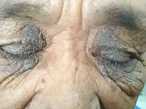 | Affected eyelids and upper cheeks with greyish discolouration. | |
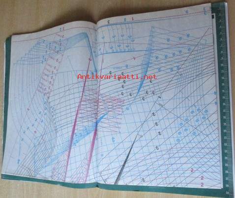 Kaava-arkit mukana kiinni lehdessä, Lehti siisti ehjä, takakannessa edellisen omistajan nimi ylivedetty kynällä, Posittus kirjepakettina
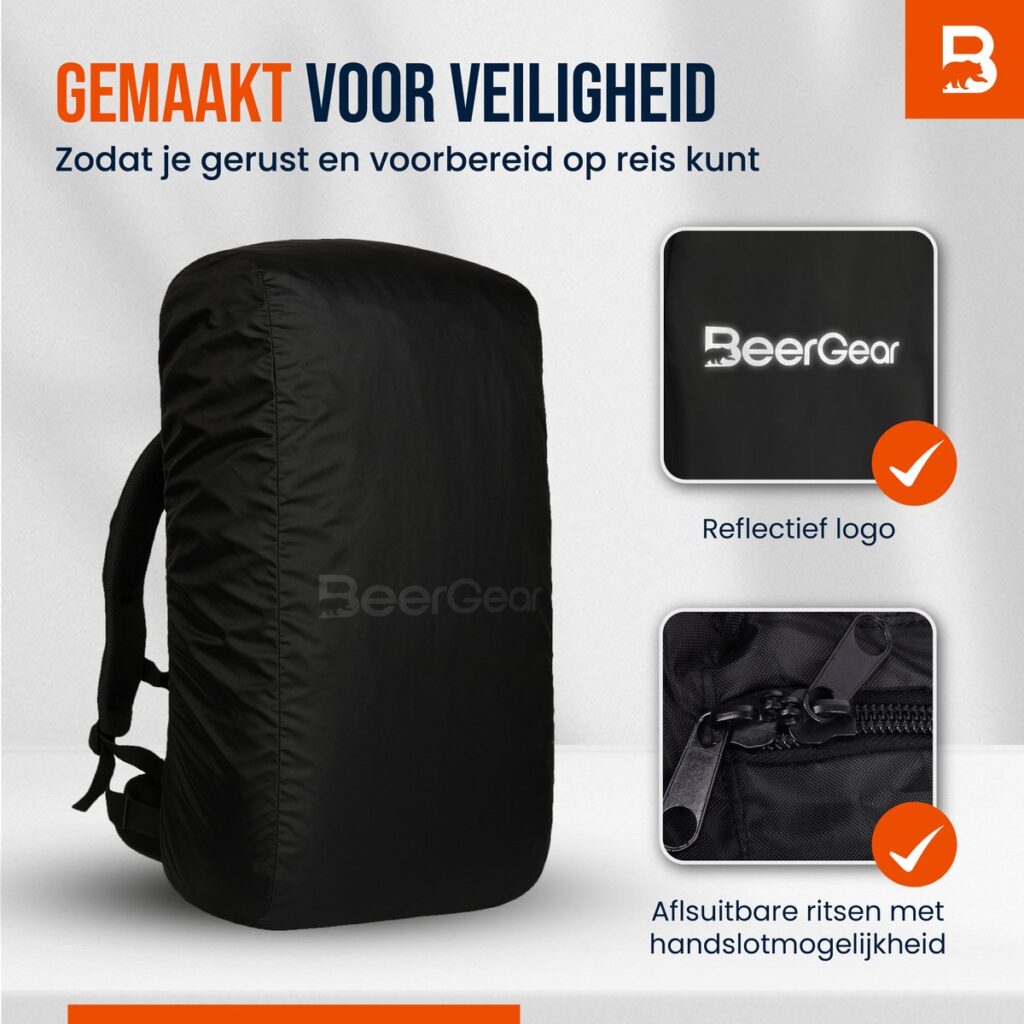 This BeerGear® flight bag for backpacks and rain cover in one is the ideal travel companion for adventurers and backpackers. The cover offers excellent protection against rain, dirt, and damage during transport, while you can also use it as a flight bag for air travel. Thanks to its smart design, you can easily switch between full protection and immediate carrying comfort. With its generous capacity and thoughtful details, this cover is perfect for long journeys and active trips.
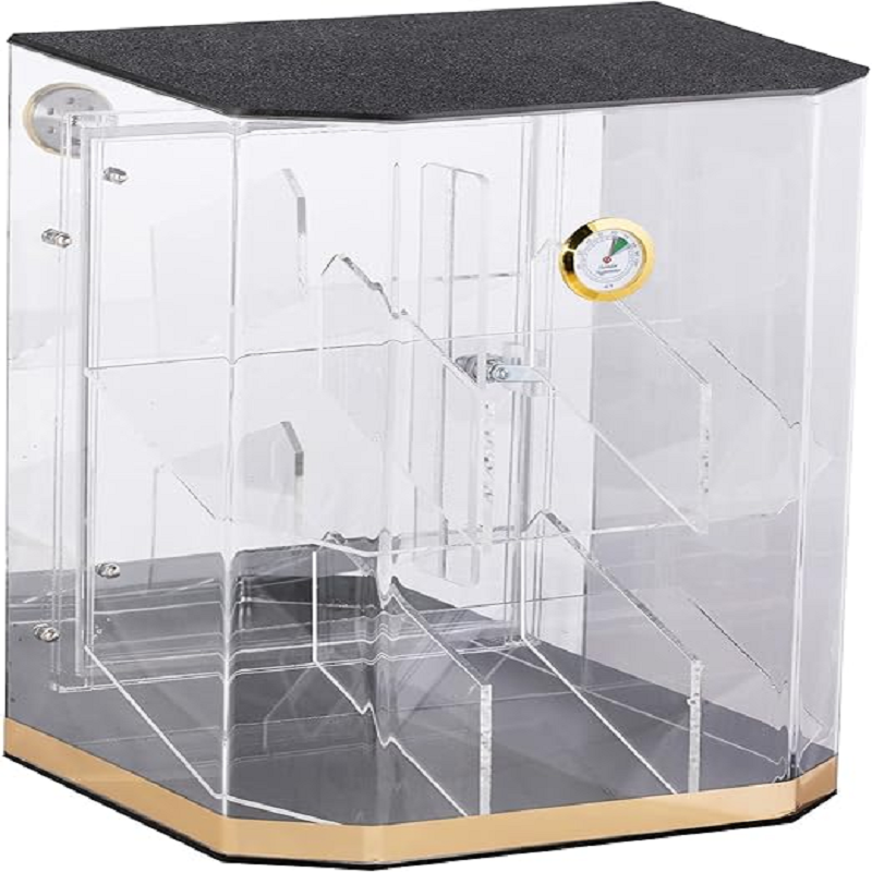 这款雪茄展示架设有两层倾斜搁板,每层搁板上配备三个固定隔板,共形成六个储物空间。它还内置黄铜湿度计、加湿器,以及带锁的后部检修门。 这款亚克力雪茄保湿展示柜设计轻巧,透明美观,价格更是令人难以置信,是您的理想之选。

• • • • •

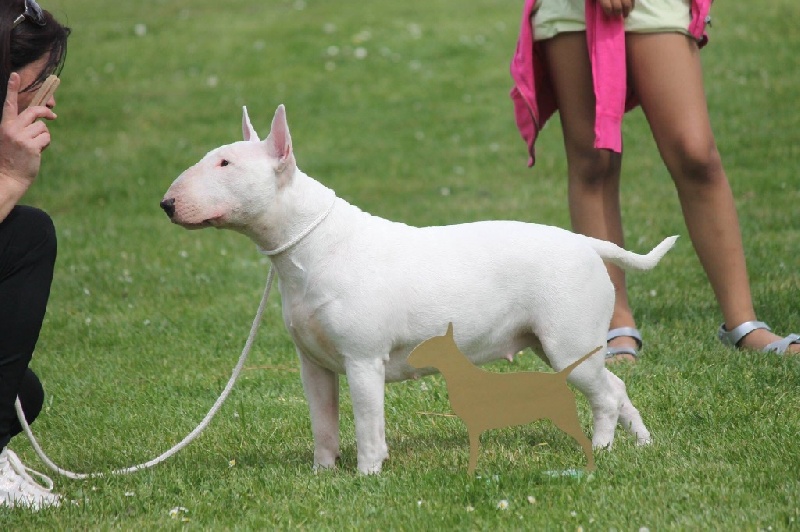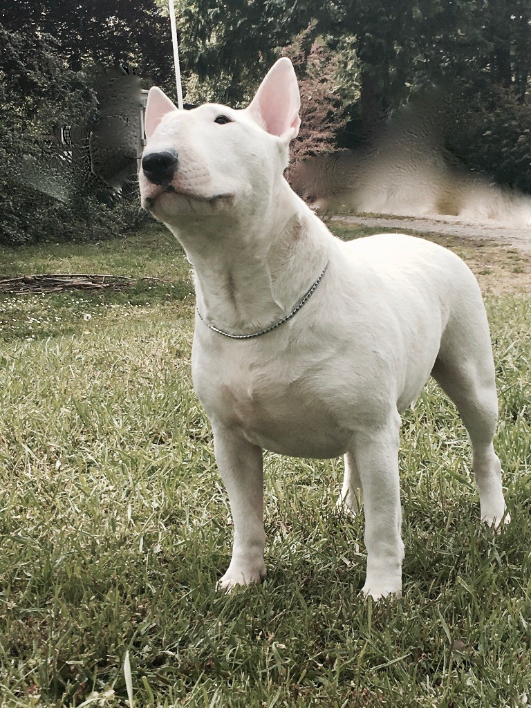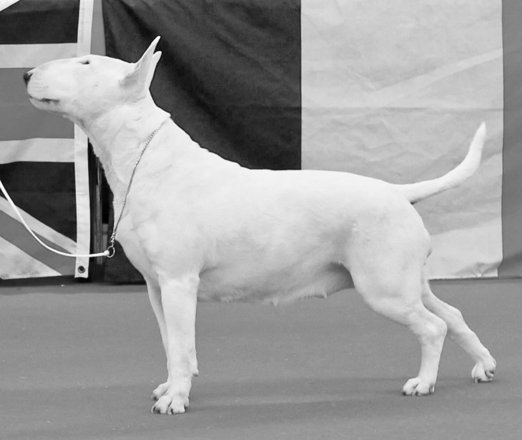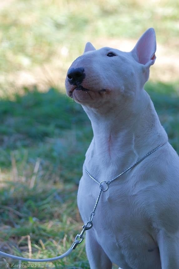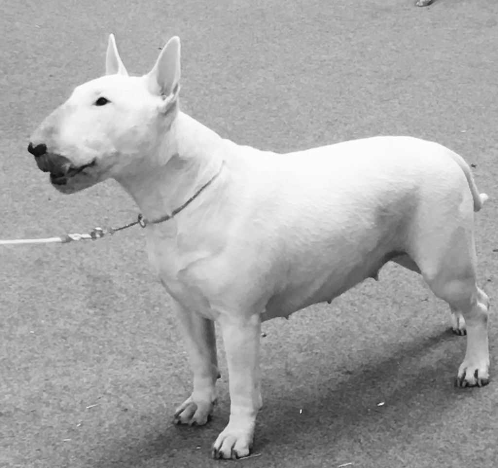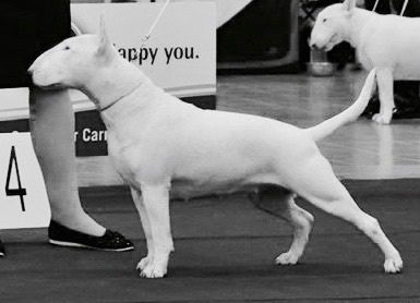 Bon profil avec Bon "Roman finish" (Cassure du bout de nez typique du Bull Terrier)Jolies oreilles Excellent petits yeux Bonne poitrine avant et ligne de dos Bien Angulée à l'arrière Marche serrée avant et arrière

• • • • •

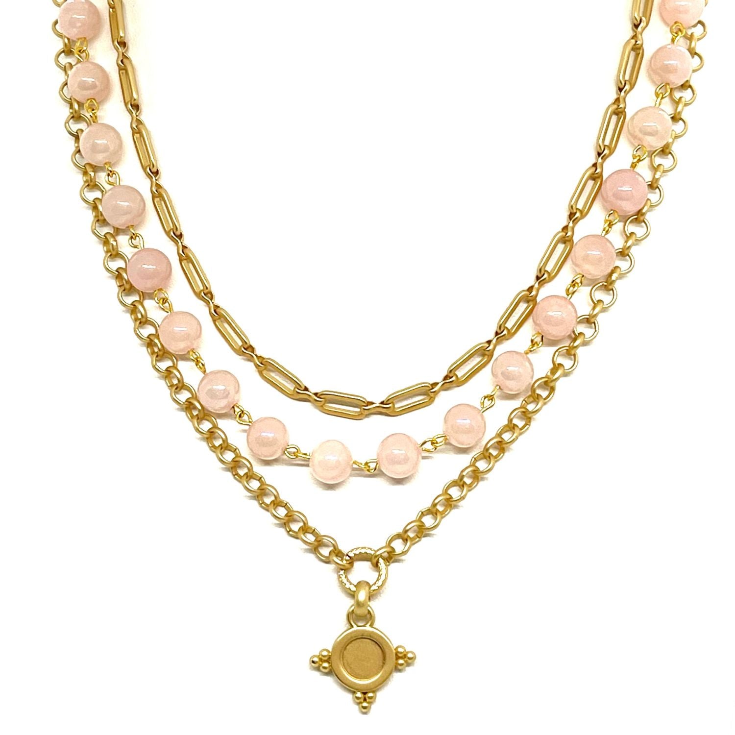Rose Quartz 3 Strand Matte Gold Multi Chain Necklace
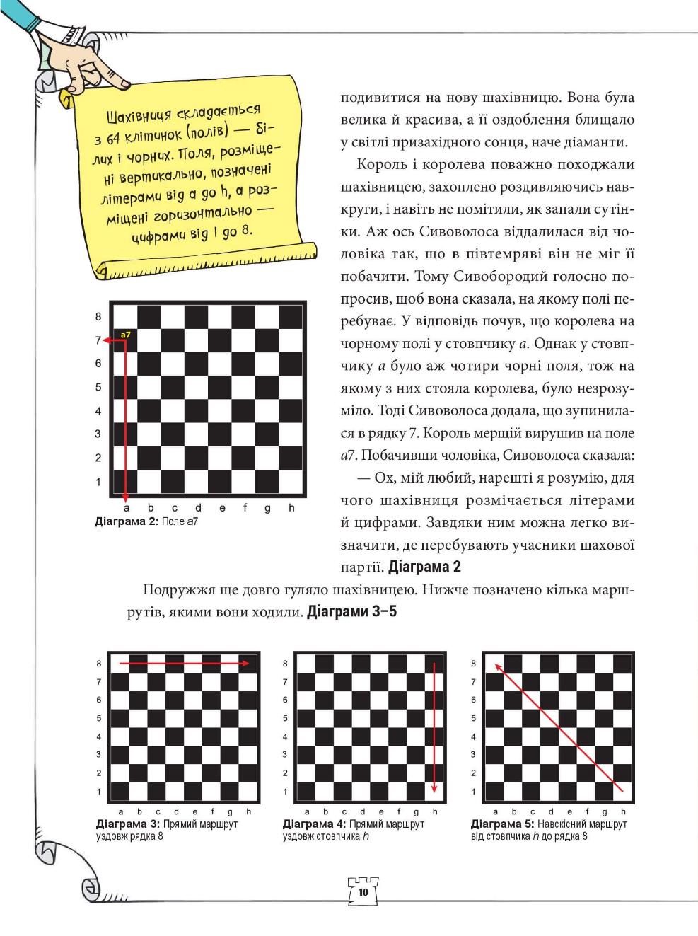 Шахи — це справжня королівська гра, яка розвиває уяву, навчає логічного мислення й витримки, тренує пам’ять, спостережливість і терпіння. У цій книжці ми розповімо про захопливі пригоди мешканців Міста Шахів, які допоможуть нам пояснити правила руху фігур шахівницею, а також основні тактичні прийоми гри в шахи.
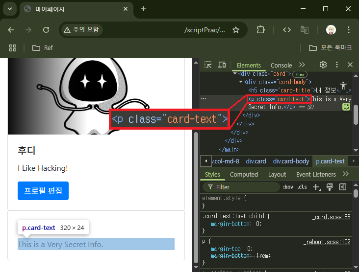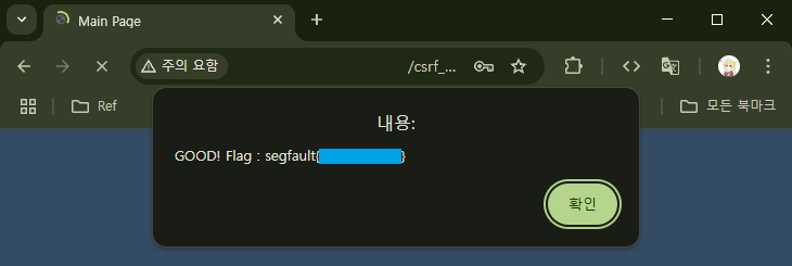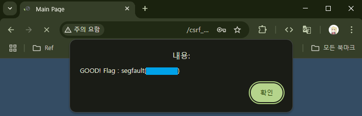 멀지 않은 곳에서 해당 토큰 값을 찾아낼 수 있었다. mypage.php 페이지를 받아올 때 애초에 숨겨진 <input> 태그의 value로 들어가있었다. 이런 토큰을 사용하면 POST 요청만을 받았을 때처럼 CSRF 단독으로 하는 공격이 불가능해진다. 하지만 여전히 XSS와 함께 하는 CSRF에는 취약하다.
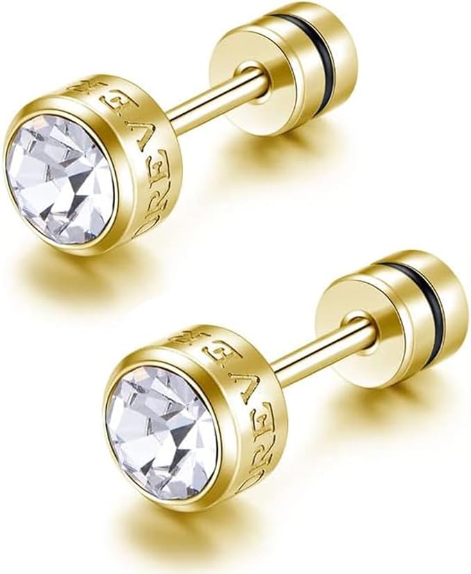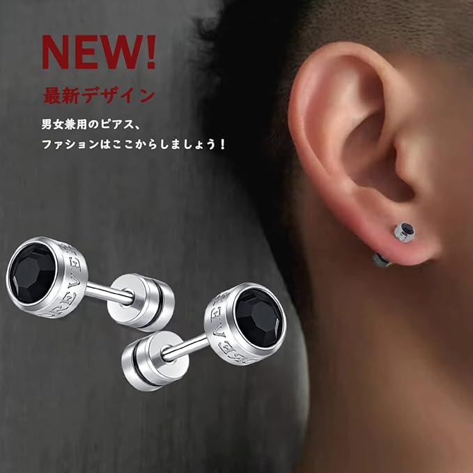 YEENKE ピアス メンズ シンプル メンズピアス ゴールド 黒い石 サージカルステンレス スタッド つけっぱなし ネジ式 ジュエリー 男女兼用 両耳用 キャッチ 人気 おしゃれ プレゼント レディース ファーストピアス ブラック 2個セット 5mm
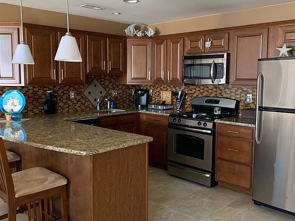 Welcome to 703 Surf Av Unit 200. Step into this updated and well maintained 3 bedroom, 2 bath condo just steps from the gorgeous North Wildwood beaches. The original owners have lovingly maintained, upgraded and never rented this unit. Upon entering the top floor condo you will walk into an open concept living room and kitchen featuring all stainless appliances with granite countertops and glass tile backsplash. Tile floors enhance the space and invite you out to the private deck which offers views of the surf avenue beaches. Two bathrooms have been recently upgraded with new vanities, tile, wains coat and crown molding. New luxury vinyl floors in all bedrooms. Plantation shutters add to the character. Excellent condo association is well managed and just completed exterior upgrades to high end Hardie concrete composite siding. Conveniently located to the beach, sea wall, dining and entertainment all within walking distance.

• • • • •

• _What is needed_
For this exercise, set down the lines in the entries above from the one with "discolouration. | |" through the one with "这款雪茄展示架设有两层倾斜搁" exactly as written, without any pictures.

• _Response to this task_
 | Affected eyelids and upper cheeks with greyish discolouration. | |
 Kaava-arkit mukana kiinni lehdessä, Lehti siisti ehjä, takakannessa edellisen omistajan nimi ylivedetty kynällä, Posittus kirjepakettina
 This BeerGear® flight bag for backpacks and rain cover in one is the ideal travel companion for adventurers and backpackers. The cover offers excellent protection against rain, dirt, and damage during transport, while you can also use it as a flight bag for air travel. Thanks to its smart design, you can easily switch between full protection and immediate carrying comfort. With its generous capacity and thoughtful details, this cover is perfect for long journeys and active trips.
 这款雪茄展示架设有两层倾斜搁板,每层搁板上配备三个固定隔板,共形成六个储物空间。它还内置黄铜湿度计、加湿器,以及带锁的后部检修门。 这款亚克力雪茄保湿展示柜设计轻巧,透明美观,价格更是令人难以置信,是您的理想之选。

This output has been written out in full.